2013: RASD is not currently constructing any ISSB tanks.

==Notable Projects==
Notable projects by RASD include:

- Peace Corp Assistance
When a Peace Corp Volunteer recognized that she was not getting very good coverage of her education program through the school due to low attendance, she enlisted RASD to reach out and develop community-based education programs.

- US Embassy Grant
Recognizing the abilities of RASD, the US Embassy provided a small grant to enable RASD to provide biosand filters and dome-slab toilets to 50 families impacted by HIV/AIDS.

- USAID
Another NGO with funding from USAID enlisted the abilities of RASD to help them establish a dome-slab toilet production project in the Tororo District in eastern Uganda.

- Engineers Without Borders
RASD initiated and coordinated an arrangement with the Nkokonjeru Town Council and students from University of California, Davis to provide training, tools and spare parts for the repair of local borehole pumps. The Town Council provided a plumber to be trained and to provide future routine maintenance and repairs, students from University of California, Davis provided tools and training, while RASD provided the coordination and the creation of local water pump committees to ensure future maintenance schedules are maintained and pumps
receive appropriate protection and treatment. Only 2 of 13 local pumps were operational when the program started and all were repaired and have since been maintained operational.

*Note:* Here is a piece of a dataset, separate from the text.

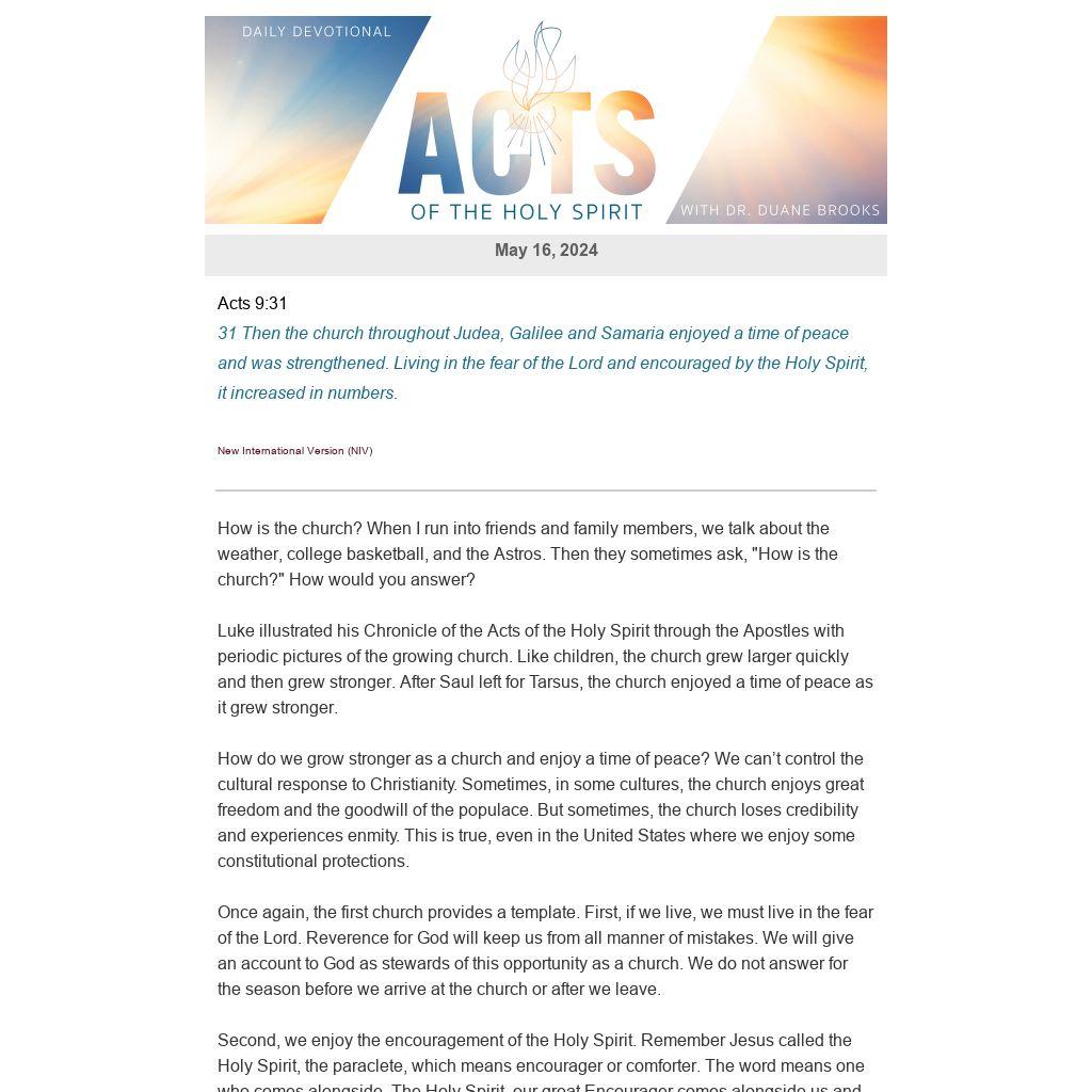 Second, we enjoy the encouragement of the Holy Spirit. Remember Jesus called the Holy Spirit, the paraclete, which means encourager or comforter. The word means one who comes alongside. The Holy Spirit, our great Encourager comes alongside us and encourages us. The Spirit puts courage in us. As a result, as we grow in deep reverence for the Lord and the full encouragement of the Spirit, we grow as the Lord brings people our way. How is the church? We are well, because we fear the Lord and we are encouraged by the Spirit. Spread the word. God will grow the church.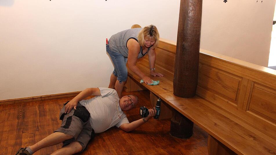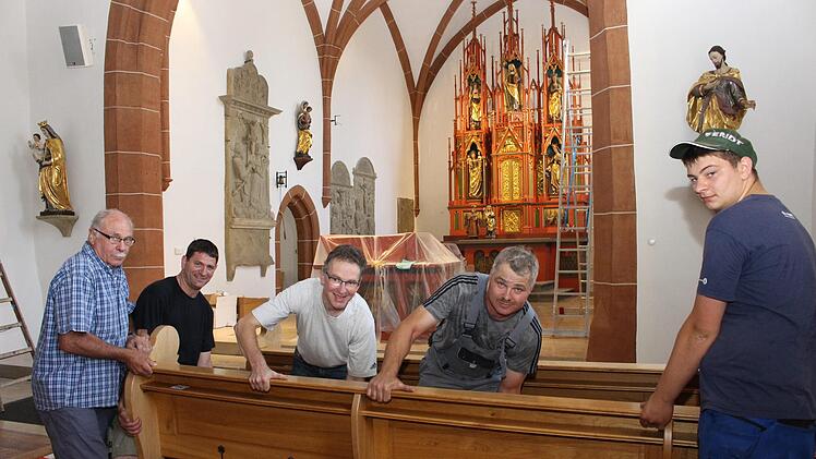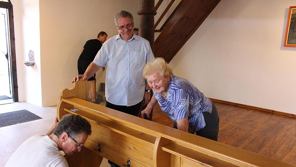 34 helfende Hände hatte Wichert auf ihrer Liste. Vereine und Gremien hatten zur Mithilfe aufgerufen. Mit Erfolg. Sogar die fast neunzigjährige Maria Wichert half, die Bänke vom Staub zu befreien. Der Ortsgeistliche Pater Gabriel Ramos Valiente legte beim Auf- und Abladen selbst Hand an. Mesner Andreas Zöbelein versorgte die Helfertruppe mit kühlen Getränken und mit Brotzeit, die der Wachenrother Unternehmer Hans Gumbrecht gestiftet hatte.

The Horticultural Collaborative Support Programme (HortCRSP)
is a USAID funded project through the University of California Davis that is currently going on at RASD. It kicked off in October 2010 and will end in September 2013, and its objective is to promote production and marketing of Indigenous leafy greens among small holder farmers in Buikwe and Mukono districts-Central Uganda. This project involves multiple partners that include;University of California Davis, Makerere University, Mukono Zonal Agricultural and Development Institute (MUZARDI) and Uganda Christian University Mukono. The project is using two participatory agricultural development models that are increasingly gaining popularity worldwide in agricultural research and development work. These are the Farmer Field Schools and Participatory Market Chain Approaches that help farmers in addressing production and marketing constraints respectively. RASD's role in the project has been to mobilize farmers to participate in the project activities as well as providing technical back-stopping to farmers. RASD has also helped in coordinating the research activities of the different partners in this project. These include providing research assistance to the graduate students (PhD and Masters) attached to the project, through mobilizing farmers for surveys and interviews as well as providing internship placements for Undergraduate students in fields of Social work, Agriculture and Community Development.

2013 Update: Hort CRSP project activities ended in 2013.